İnsanlık deprem, kasırga, çığ, toprak kayması, sel baskını, yangın, salgın hastalık, çekirge istilası gibi birçok felâketle beraber yaşamıştır. Bu olayların büyük can ve mal kayıplarına sebebiyet verdiği, hatta dünya tarihinin akışını etkilediği muhakkaktır.
Can ve mal kaybında insanın ihmali gibi etkenleri de unutmamak gerekir. Allah Elçisi’nin (sas) “Deveni bağla, sonra Allah’a tevekkül et” sözü prensibimiz olsaydı bu kayıpların azalacağı aşikârdı. İhmalkârlığın dışında istismar ve haksız kazanç elde etmek için yapılan yanlışlar da ayrı bir problem.
İnsanlığın karşılaştığı her felâketten sonra meydana gelenlerin ilahî bir cezalandırma olup olmadığı polemikleri yaşanır.
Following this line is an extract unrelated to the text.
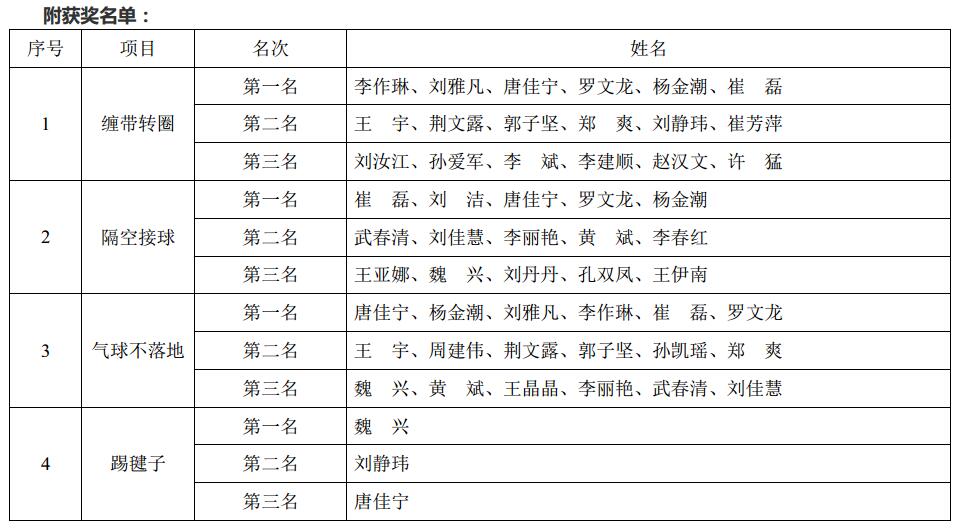 朗朗的歌聲之后, 大家投入到游戲當中,在三個團體項目(纏帶轉(zhuǎn)圈、 隔空接球、氣球不落地)和一個單人項目(踢毽子)游戲中,大家表現(xiàn)的十分熱情, 充分提現(xiàn)了員工們積極向上的精神面貌。

Bazen insanların söylediği kırıcı sözler acı çeken mağdurlar için incitici olabilmektedir. Felâketlerin ilahî cezalandırma olarak meydana gelip gelmediğiyle ilgili kesin yargıda bulunabilmek ancak ilahî bir bildirim varsa mümkündür. İlahî bildirim olmayan bir meselede insanların söyledikleri ise tahmin, yorum ve zanlardan ileri gitmez. Son günlerde Çin’de görülen ve dünyaya yayılan Corona virüsü ile ülkemizde yaşadığımız deprem ve çığ felâketleri sebebiyle bazı insanların oldukça yüzeysel, bir bilgiye dayanmayan ve zan ifade eden açıklamalarıyla karşılaştığımız için “Acaba eskiden İslam dünyasında salgın hastalıklar meydana gelmiş mi?” sorusunu cevaplandırmak için bu yazıyı kaleme aldık.
Uzun asırlar boyunca salgın hastalıklar insanlık tarihini etkileyen, çok korkulan önemli gelişmeler olmuştur. Milyonlarca insanın ölümüne sebep olan salgınlar, bir ülkelerin ekonomisini ve demografik yapısını ciddi anlamda etkilemiştir. Bu da tabii olarak gıda temininde zorluk yaşanmasına ve pahalılığa sebep olmuştur.